##### GIVEN INFORMATION #####

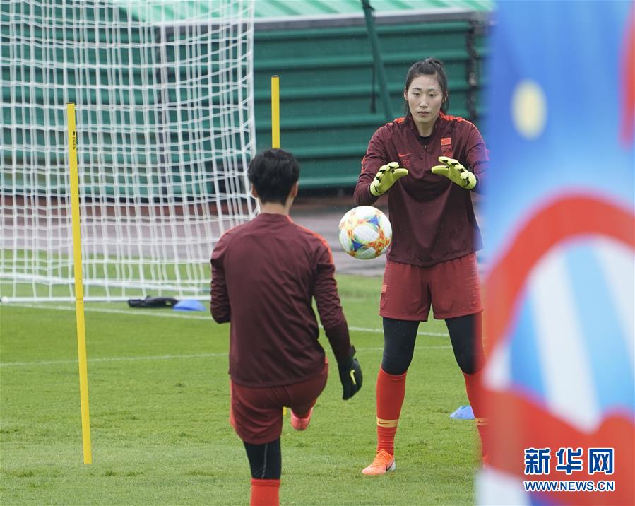 6月19日,中國隊守門員彭詩夢(右)與畢曉琳在訓練中。 當日,中國女足隊員在法國勒阿弗爾訓練,備戰2019年國際足聯女足世界杯16強賽。 新華社記者丁旭攝
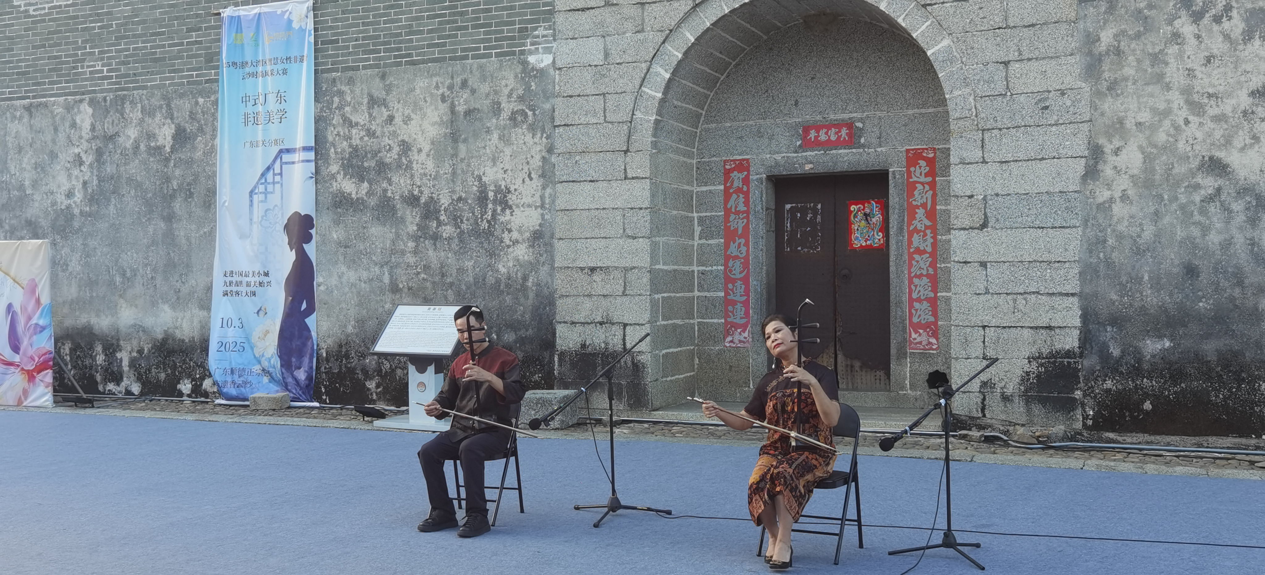 活动现场文化氛围浓厚,佛山顺德香云纱传承人周振权现场展示非遗技艺,让观众近距离感受 “软黄金” 的制作奥秘。《畲族彩带舞》以图腾纹样与现代舞美的碰撞拉开序幕,韶关市南国风采艺术团的旗袍折扇秀《梨花千古》、广州云山空灵鼓团队的《彩云追月》接连上演,国家一级演奏员黄江琴带来的跨界胡琴演奏更是将活动推向高潮,三首跨越民歌、传统与流行的曲目,完美诠释了非遗文化的当代生命力。“艺术工作者深入生活、扎根人民,艺术才会生生不息。” 黄江琴在演出后盛赞始兴的文化底蕴,直言将持续助力古县文化传播。
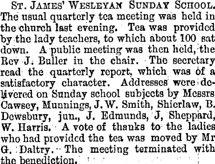 St. James' Wesleyan Sunday School. The usual quarterly tea meeting was held in the church last evening. Tea was provided by the lady teachers, to which about 100 sat down. A public meeting was then held, the Bev J; Buller in the chair. The secretary read the quarterly report, which was of a satisfactory character. Addresses were delivered on Sunday school subjects by Messrs Cawsey, Munnings, J. W. Smith, Shierlaw, B. Dewsbury, jun., J. Edmunds, J, Sheppard, W. Harris. A vote of thanks to the ladies who had provided the tea was moved by Mr Q-. Daltry. The meeting terminated with the benediction,
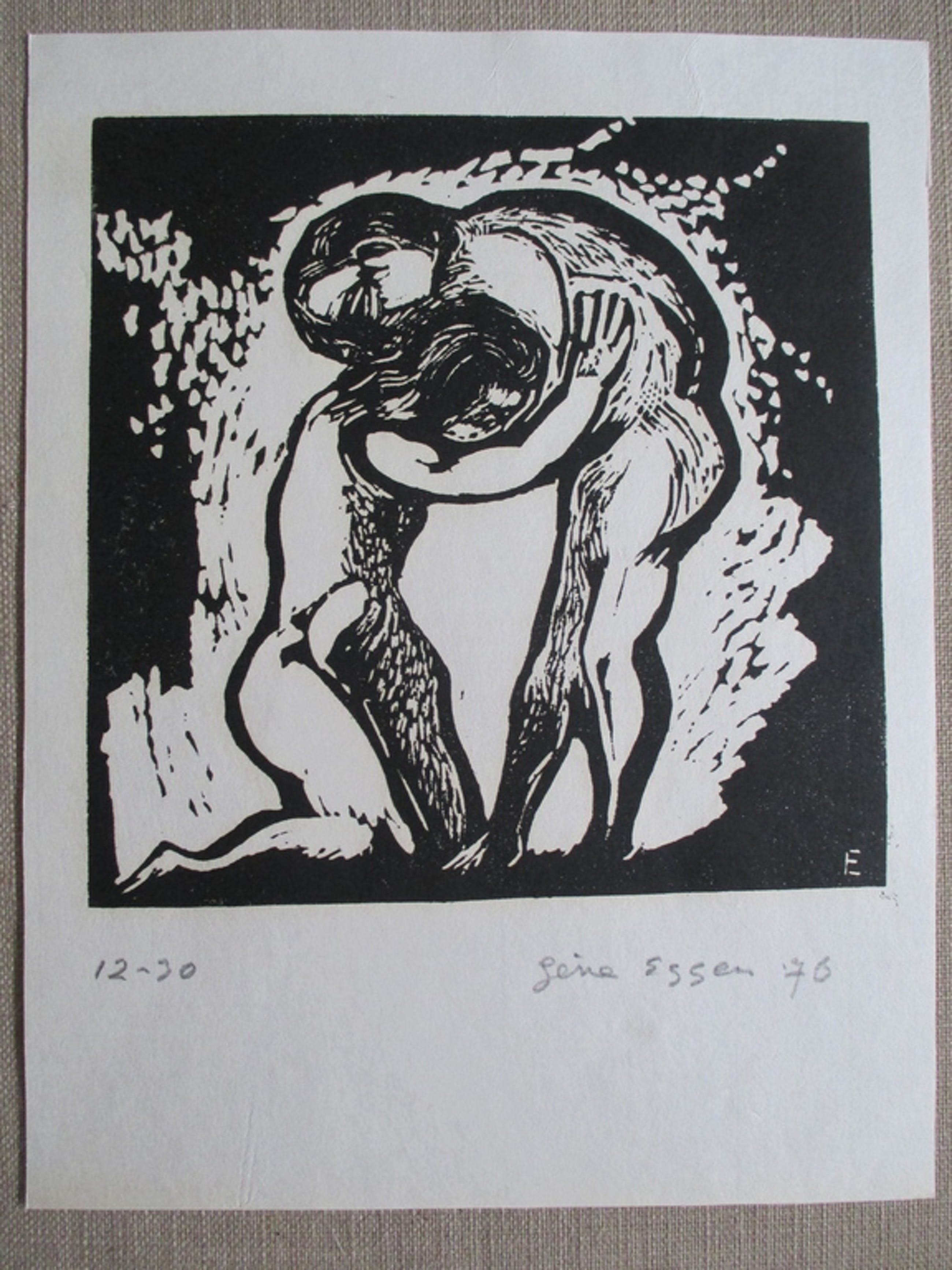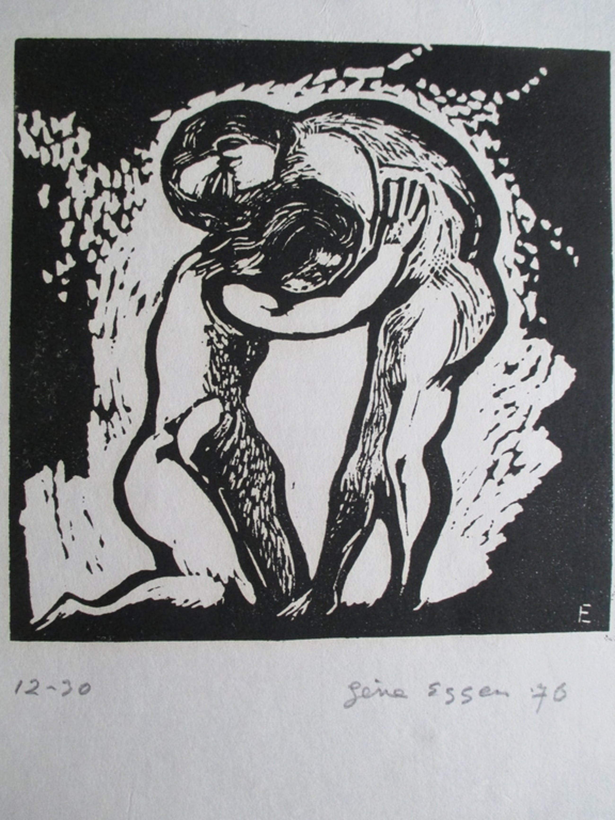 Prachtige houtsnede op dun geschept papier van Gène Eggen uit 1976 in perfecte staat. Genummerd 12/30 ex. en gedateerd en gesigneerd in potlood. Ook monogram in het blok. Afm. blad 24,3x31,5, beeld 21,2x21,2 cm.

#####

** ASSIGNED TASK **
Pictures are to be left out; the listing above is otherwise to be copied exactly.

** EXERCISE RESPONSE **
 6月19日,中國隊守門員彭詩夢(右)與畢曉琳在訓練中。 當日,中國女足隊員在法國勒阿弗爾訓練,備戰2019年國際足聯女足世界杯16強賽。 新華社記者丁旭攝
 活动现场文化氛围浓厚,佛山顺德香云纱传承人周振权现场展示非遗技艺,让观众近距离感受 “软黄金” 的制作奥秘。《畲族彩带舞》以图腾纹样与现代舞美的碰撞拉开序幕,韶关市南国风采艺术团的旗袍折扇秀《梨花千古》、广州云山空灵鼓团队的《彩云追月》接连上演,国家一级演奏员黄江琴带来的跨界胡琴演奏更是将活动推向高潮,三首跨越民歌、传统与流行的曲目,完美诠释了非遗文化的当代生命力。“艺术工作者深入生活、扎根人民,艺术才会生生不息。” 黄江琴在演出后盛赞始兴的文化底蕴,直言将持续助力古县文化传播。
 St. James' Wesleyan Sunday School. The usual quarterly tea meeting was held in the church last evening. Tea was provided by the lady teachers, to which about 100 sat down. A public meeting was then held, the Bev J; Buller in the chair. The secretary read the quarterly report, which was of a satisfactory character. Addresses were delivered on Sunday school subjects by Messrs Cawsey, Munnings, J. W. Smith, Shierlaw, B. Dewsbury, jun., J. Edmunds, J, Sheppard, W. Harris. A vote of thanks to the ladies who had provided the tea was moved by Mr Q-. Daltry. The meeting terminated with the benediction,
 Prachtige houtsnede op dun geschept papier van Gène Eggen uit 1976 in perfecte staat. Genummerd 12/30 ex. en gedateerd en gesigneerd in potlood. Ook monogram in het blok. Afm. blad 24,3x31,5, beeld 21,2x21,2 cm.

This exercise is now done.